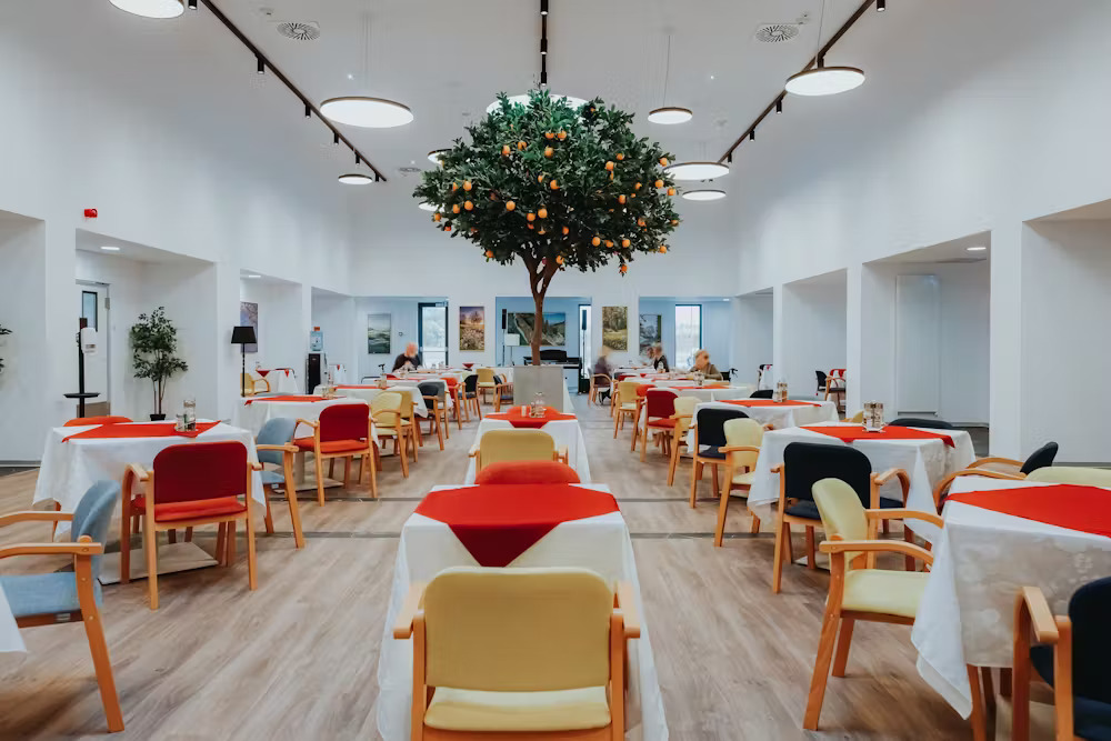 Locația este considerată un cămin de lux, unde vârstnicii pot desfășura diverse activități, ca plimbări, evenimente, kinetoterapie, tratamente etc.. Camerele sunt spațioase, au baie proprie, TV, șifonier, paturi ortopedice, acționate electric ideale pentru persoanele cu probleme locomotorii. Și peisajul este unul de vis, având o curte mare, perfectă pentru plimbări și recreeri în aer liber.
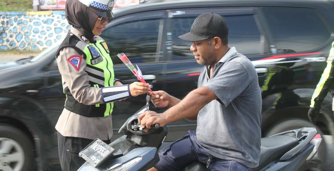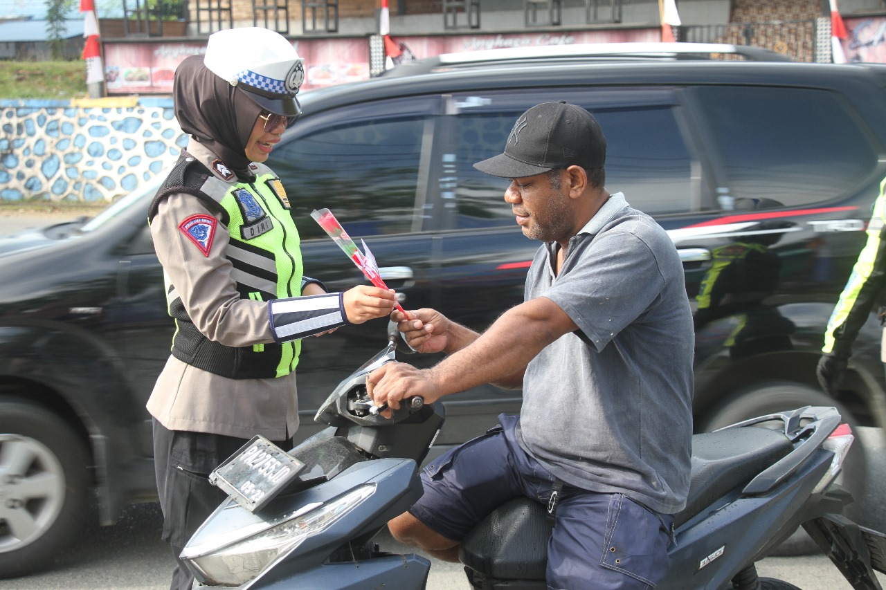 HUT ke 75, Polwan Polres Jayapura Bagikan Bunga ke Pengendara Yang Melanggar
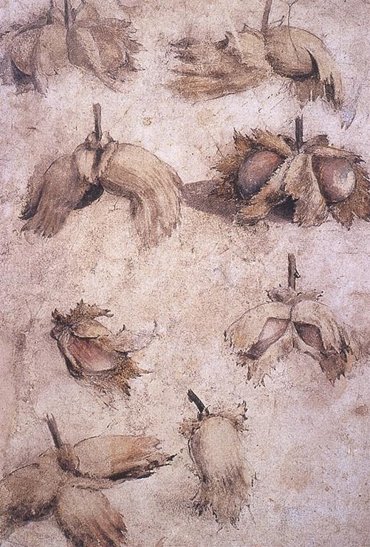 Giovanni, da Udine. Studies of Nuts, brush and wash, watercolor over traces of black chalk, 268 x 180 mm, 16th C.
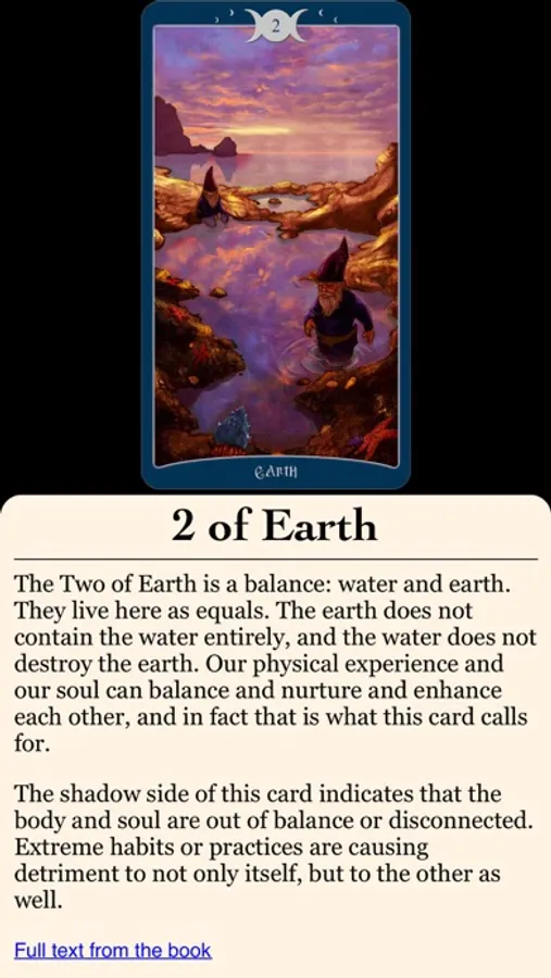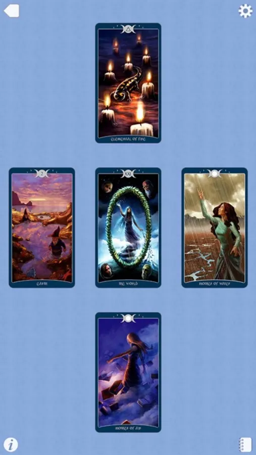 The Minor cards represent different elemental aspects of Pagan cosmology: Air, Water, Earth, and Fire. Each suit expresses the mysteries of its element. In As Above, the court cards are The Elemental, Maiden, Mother, and Crone, instead of the usual royalty.
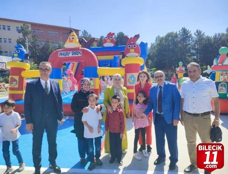 Kurtuluş İlkokulu okul bahçesinde düzenlenen etkinlikte şişme oyun alanlarında eğlenen öğrencilere pamuk şekeri ve patlamış mısır ikram edildi.
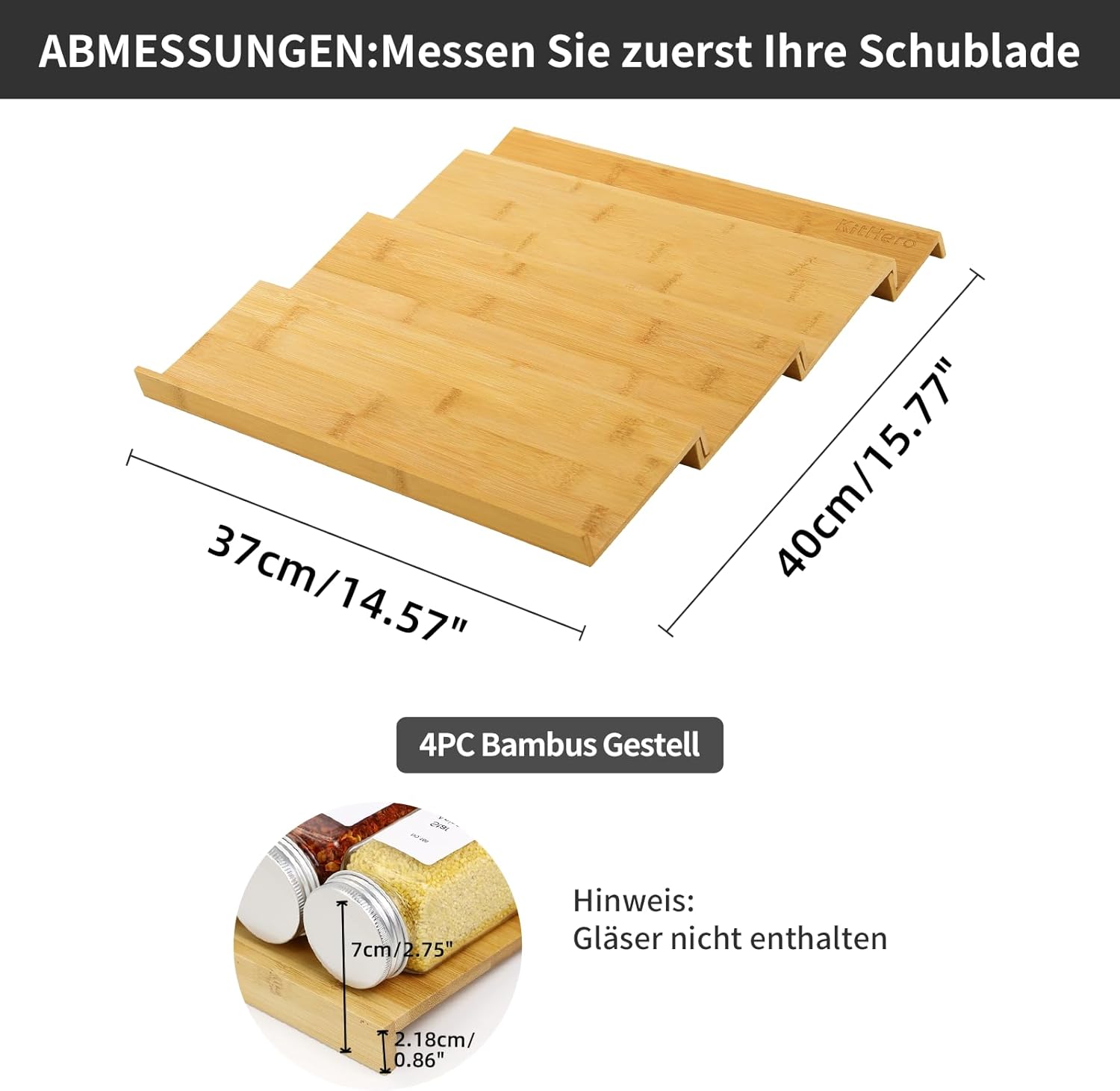 - Perfect Size: Spice rack organizer for drawer MIN size: 14.57" wide x 15.8" deep x 2.75" high, standard 4 oz spice jars fit easily into the drawer sliding and closing completely.please measure your drawer before ordering!
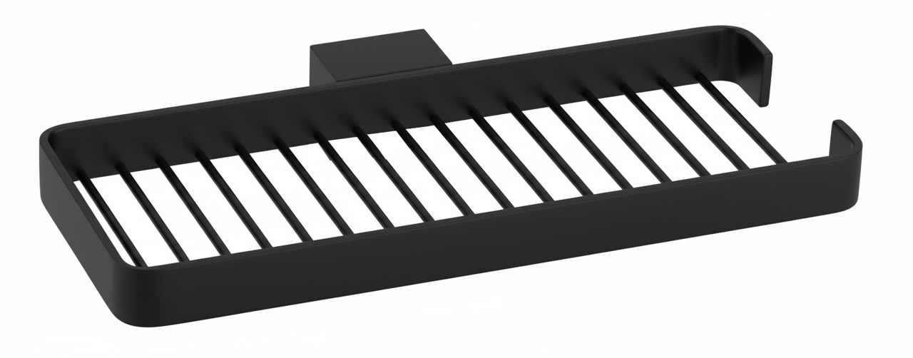 Μια Σπογγοθήκη μοντέρνου τετράγωνη γραμμικού σχεδιασμού σε Μαύρο Ματ φινίρισμα, ιδανική περίπτωση για κάθε μοντέρνο μπάνιο. Τοποθετείται στον τοίχο με βίδες. Διαθέτει διαστάσεις 25cm (πλάτος) x 12cm (προεξοχή από τον τοίχο) x 2cm (πάχος)
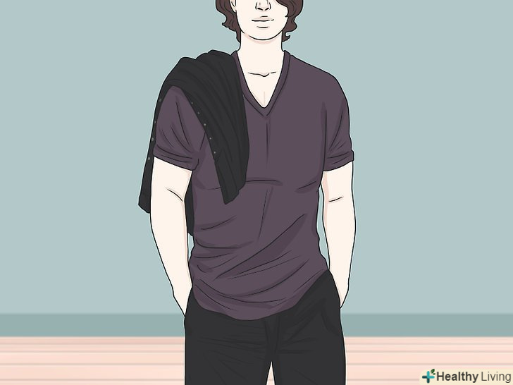 Носіть темний одяг. вампіри носять темні тони. Вибираючи одяг, відмовтеся від яскравих, пастельних кольорів і всього блискучого. Краще вибрати однотонні темні речі, адже ви повинні виглядати як нічне створення, а не як модель з вітрини магазину з одягом.- Уникайте одягу з логотипами і сорочок з великим малюнком. Для образу вампіра там буде потрібно чорна майка і чорні джинси.
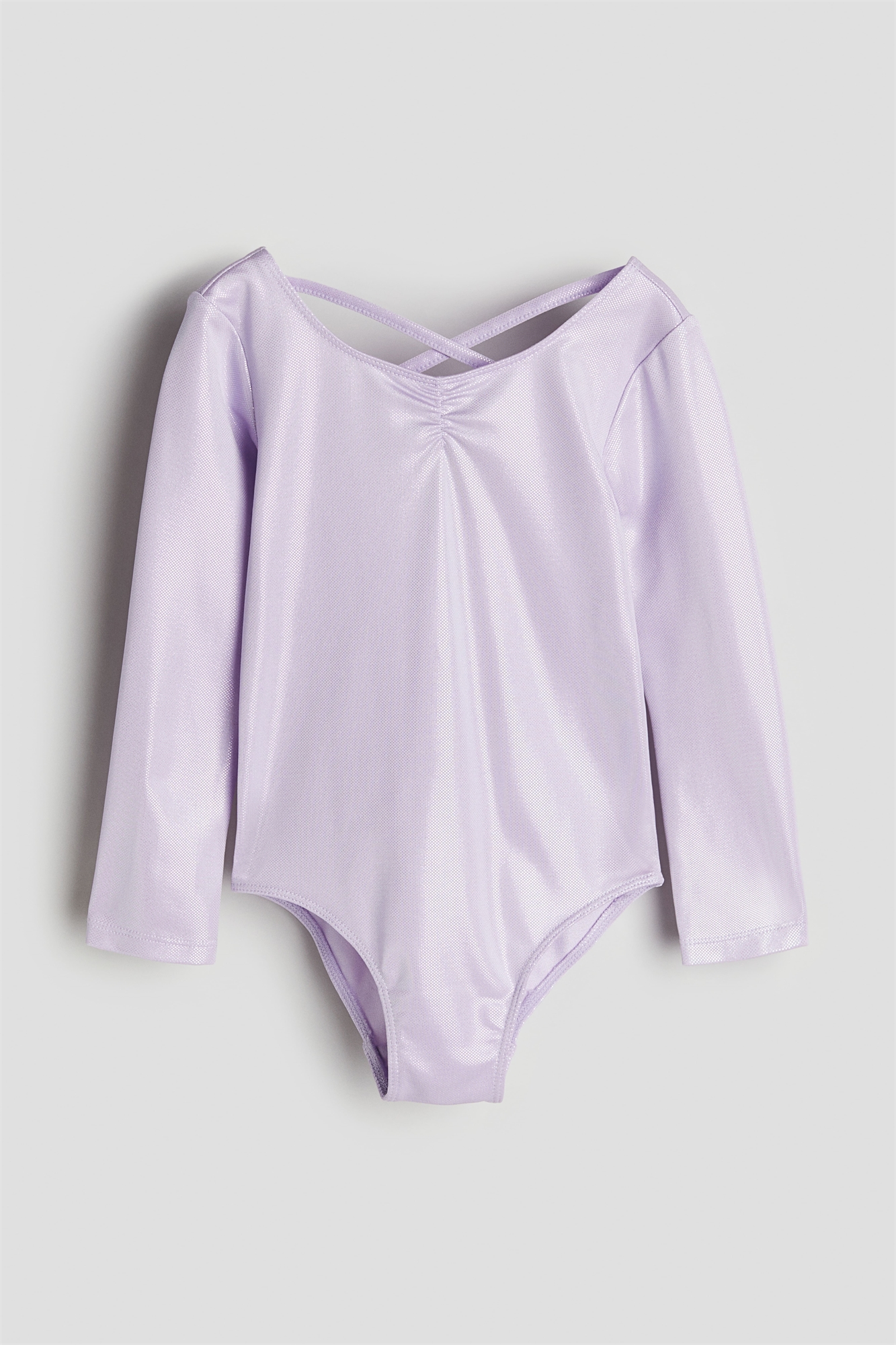Купальник из блестящего трикотажа с декоративными складками в верхней части, перекрещивающимися бретелями сзади и длинными рукавами.

————

- PROBLEM TO SOLVE -
Would you reproduce, exactly and with nothing added, every line from the beginning of the entries above through the line that contains "Μια Σπογγοθήκη μοντέρνου", both included, leaving out the pictures?

- EXERCISE SOLUTION -
 Locația este considerată un cămin de lux, unde vârstnicii pot desfășura diverse activități, ca plimbări, evenimente, kinetoterapie, tratamente etc.. Camerele sunt spațioase, au baie proprie, TV, șifonier, paturi ortopedice, acționate electric ideale pentru persoanele cu probleme locomotorii. Și peisajul este unul de vis, având o curte mare, perfectă pentru plimbări și recreeri în aer liber.
 HUT ke 75, Polwan Polres Jayapura Bagikan Bunga ke Pengendara Yang Melanggar
 Giovanni, da Udine. Studies of Nuts, brush and wash, watercolor over traces of black chalk, 268 x 180 mm, 16th C.
 The Minor cards represent different elemental aspects of Pagan cosmology: Air, Water, Earth, and Fire. Each suit expresses the mysteries of its element. In As Above, the court cards are The Elemental, Maiden, Mother, and Crone, instead of the usual royalty.
 Kurtuluş İlkokulu okul bahçesinde düzenlenen etkinlikte şişme oyun alanlarında eğlenen öğrencilere pamuk şekeri ve patlamış mısır ikram edildi.
 - Perfect Size: Spice rack organizer for drawer MIN size: 14.57" wide x 15.8" deep x 2.75" high, standard 4 oz spice jars fit easily into the drawer sliding and closing completely.please measure your drawer before ordering!
 Μια Σπογγοθήκη μοντέρνου τετράγωνη γραμμικού σχεδιασμού σε Μαύρο Ματ φινίρισμα, ιδανική περίπτωση για κάθε μοντέρνο μπάνιο. Τοποθετείται στον τοίχο με βίδες. Διαθέτει διαστάσεις 25cm (πλάτος) x 12cm (προεξοχή από τον τοίχο) x 2cm (πάχος)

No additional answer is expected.